JPS60151586A - Treater for suppression pool water - Google Patents

Abstract

(57) [Summary] This bulletin contains application data before electronic filing, so abstract data is not recorded.

Description

DETAILED DESCRIPTION OF THE INVENTION [Technical Field of the Invention] The present invention relates to a suppression pool water treatment device for cleaning and removing impurities from suppression pool water in a boiling water nuclear reactor.

[Technical background of the invention]

Generally, a pressure suppression type reactor containment vessel is employed in a boiling water reactor.

Figure 1 shows an example of this reactor containment vessel.
It is formed by a dry well 1, an annular suppression pool 3, and a number of radially arranged vent pipes 2 connecting the two.

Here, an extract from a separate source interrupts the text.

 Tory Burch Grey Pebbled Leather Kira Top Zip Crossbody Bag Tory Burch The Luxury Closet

A predetermined amount of suppression pool water 3a is always stored in the suppression pool 3.

In the event of an emergency, the primary system steam released in the dry well 1 due to a reactor-primary system rupture is guided into the suppression pool 3 through the vent pipe 2, and the steam is condensed in the suppression pool water 3a. The system is designed to condense water and suppress the pressure rise inside the reactor containment vessel.

[Problems with background technology]

In addition to the above-mentioned uses, the suppression pool water 3a is used as emergency cooling water in the event of a loss of coolant accident, or for removing residual heat when a nuclear reactor is shut down.

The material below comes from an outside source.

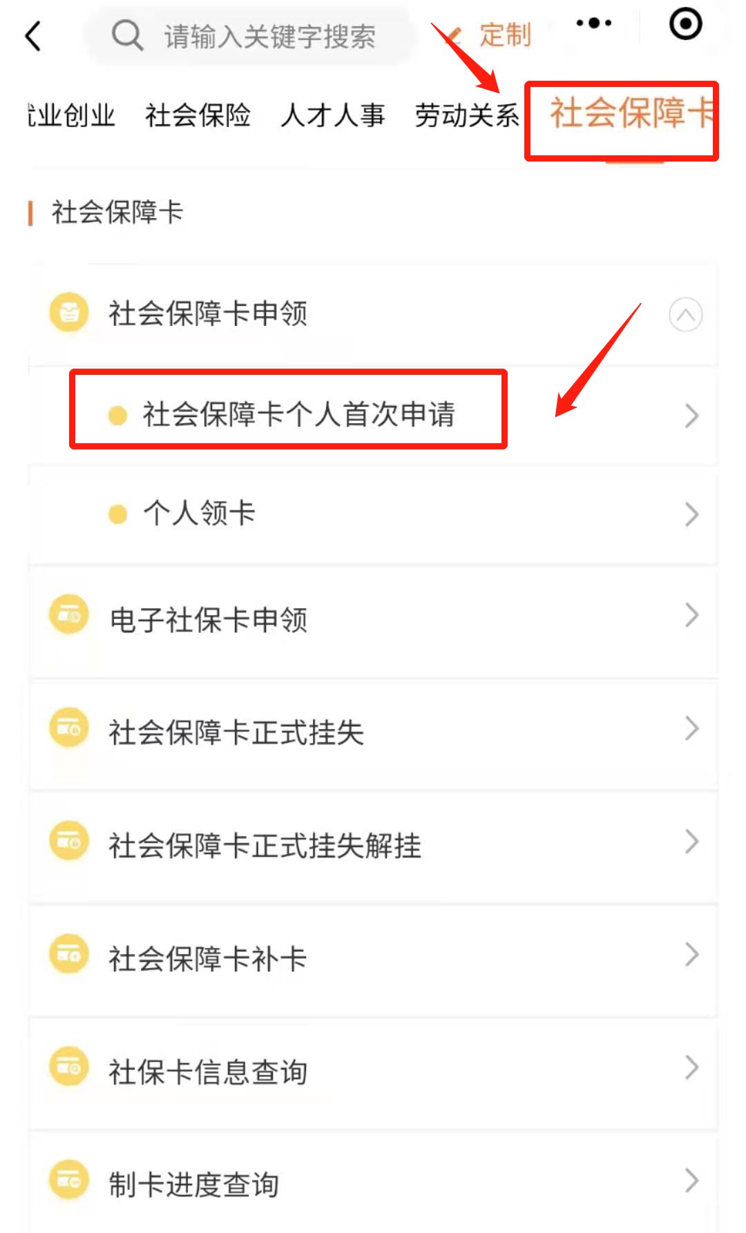 第四步:选择“社会保障卡”,点击“社会保障卡个人首次申领”

In addition, the suppression pool 3 is made of carbon steel, and its inner surface is coated with anti-rust coating.
Furthermore, a rust preventive material may be added to the suppression pool water 3a.

However, due to long-term use, insoluble corrosion products, rust preventive materials, etc. tend to accumulate in the suppression pool water 3a, and furthermore, the accumulated substances contain radioactive substances.

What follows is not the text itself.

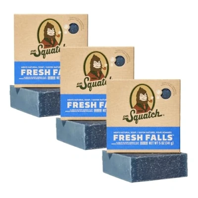 RAISE THE BAR on your shower with our sudstastic soap bar in Dr. Squatch’s favorite scent: Fresh Falls. Smell like a crisp forest waterfall and enjoy the smooth zero grit bar of soap. NATURAL COLD PROCESS SOAP - Made in the USA using a traditional cold process and with nourishing natural ingredients like Coconut Oil, Shea Butter, and Kaolin Clay. NO HARMFUL INGREDIENTS - Our products are 98-100% natural in origin and we never use harsh chemicals or synthetics like parabens, sulfates, phthalates, or silicones. DOC’S NOTES - We develop our high-performance natural products specifically for the needs of men so lather up and scrub to smell fresh and feel clean day in and day out. MAKES A GREAT GIFT - Give the gift of a routine upgrade so everyone can smell like a champion!

Therefore, there is a risk that workers will be exposed to radiation during periodic inspections in the suppression pool 3, and there is also a risk that radioactive materials will be diffused into the atomic couplant if the suppression pool water 3a is sent to other uses.

Therefore, conventionally, the suppression pool water 3a is washed,
It was desired to remove impurities and the like.

[Purpose of the invention]

The present invention has been made in view of these points, and provides a suppression pool water treatment device that can reliably remove impurities in suppression pool water, has a large processing valley lid, and is stable in operability. The purpose is to provide.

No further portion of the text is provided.